RECORDED DATA:
++++++

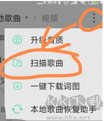2、點(diǎn)擊右上角的三個(gè)點(diǎn),然后選擇“掃描歌曲”選項(xiàng);
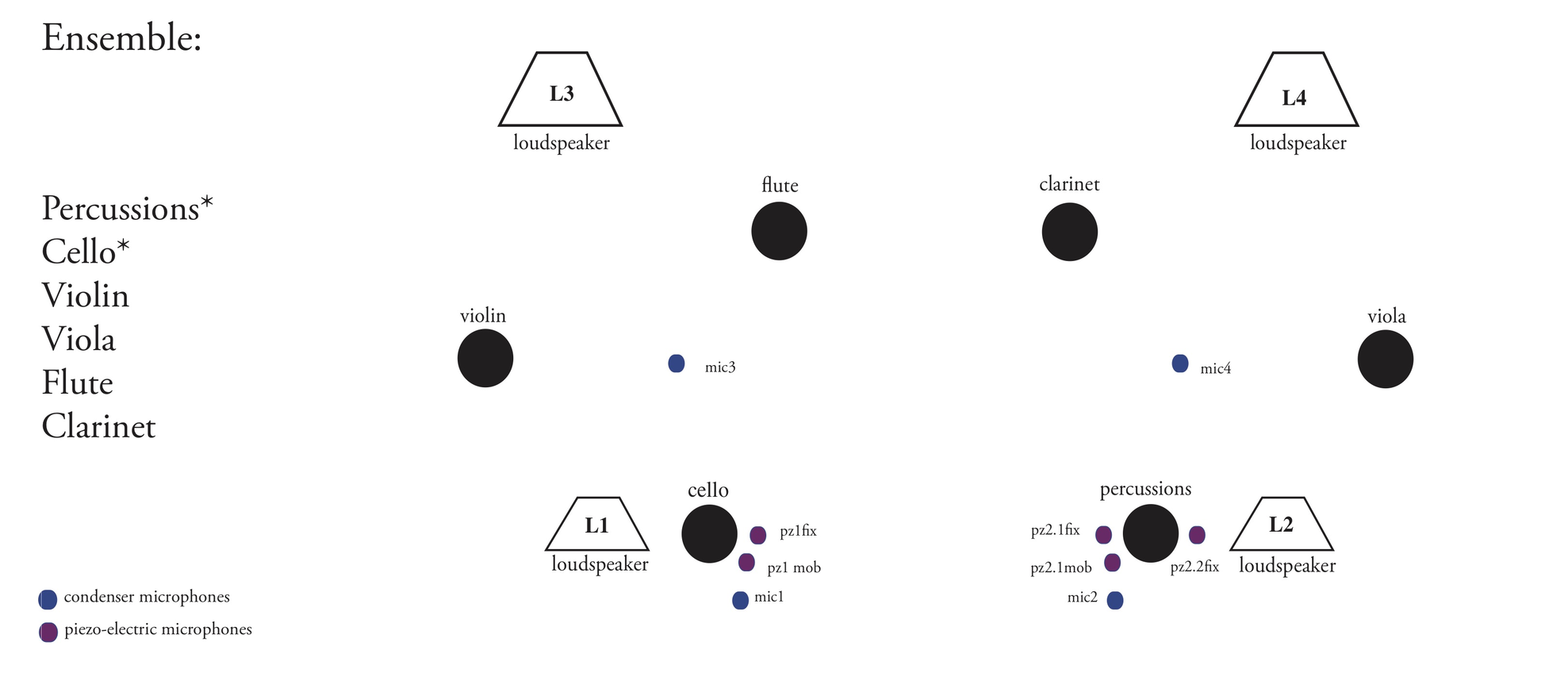 Residual was commissioned by Hermes Ensemble, and premiered at the Concertgebouw in Bruges, on November 21st, 2019. With this work I have worked with space at a compositional level, exploring the possibility of working on two different planes of sound: one in the foreground, and the other in the background. The cello and the percussion (timpani, marimba, güiro, crotales) are the instruments in the foreground, which act almost as soloists. The cello is provided with one piezo, which has to be used to play different gestures on the instrument, and another which has to be fixed on its body with the purpose of amplification. Concerning the percussion, one piezo has to be fixed on the surface of the timpani, another on the lowest C-key of the marimba and a third has to be used to play the crotales and the güiro. Both percussion and cello are primarily amplified with piezos, although a condenser microphone is added, in order to smooth the color of the piezo. The rest of the ensemble – flute, clarinet, violin and viola – is arranged in a semi-circle behind the soloists and is amplified only with a pair of condenser microphones, with a sort of transparent amplification, i.e a light reinforcement of the instrumental sound. In order to emphasize the perception of these two different planes, cello and percussion are amplified through their own loudspeakers, placed next to them. In this way, both the sound of the acoustic instrument and its amplification are projected in the space from almost the same spot. The rest of the ensemble is instead amplified through a pair of stereo loudspeakers placed behind the ensemble (fig.3.3.2).
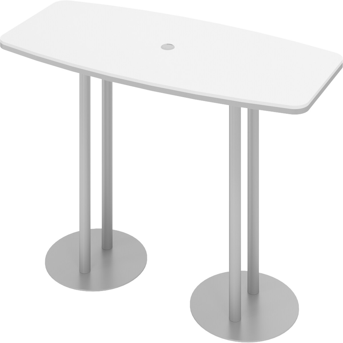 bümö Konferenztisch oval 220x103 cm großer Besprechungstisch in weiß, Besprechungstisch mit Säulen in Silber, Meetingtisch für 8 Personen, XL-Tisch

++++++

TRY IT:
Could you reproduce the data above exactly, without its pictures?

ANSWER BOX:
2、點(diǎn)擊右上角的三個(gè)點(diǎn),然后選擇“掃描歌曲”選項(xiàng);
 Residual was commissioned by Hermes Ensemble, and premiered at the Concertgebouw in Bruges, on November 21st, 2019. With this work I have worked with space at a compositional level, exploring the possibility of working on two different planes of sound: one in the foreground, and the other in the background. The cello and the percussion (timpani, marimba, güiro, crotales) are the instruments in the foreground, which act almost as soloists. The cello is provided with one piezo, which has to be used to play different gestures on the instrument, and another which has to be fixed on its body with the purpose of amplification. Concerning the percussion, one piezo has to be fixed on the surface of the timpani, another on the lowest C-key of the marimba and a third has to be used to play the crotales and the güiro. Both percussion and cello are primarily amplified with piezos, although a condenser microphone is added, in order to smooth the color of the piezo. The rest of the ensemble – flute, clarinet, violin and viola – is arranged in a semi-circle behind the soloists and is amplified only with a pair of condenser microphones, with a sort of transparent amplification, i.e a light reinforcement of the instrumental sound. In order to emphasize the perception of these two different planes, cello and percussion are amplified through their own loudspeakers, placed next to them. In this way, both the sound of the acoustic instrument and its amplification are projected in the space from almost the same spot. The rest of the ensemble is instead amplified through a pair of stereo loudspeakers placed behind the ensemble (fig.3.3.2).
 bümö Konferenztisch oval 220x103 cm großer Besprechungstisch in weiß, Besprechungstisch mit Säulen in Silber, Meetingtisch für 8 Personen, XL-Tisch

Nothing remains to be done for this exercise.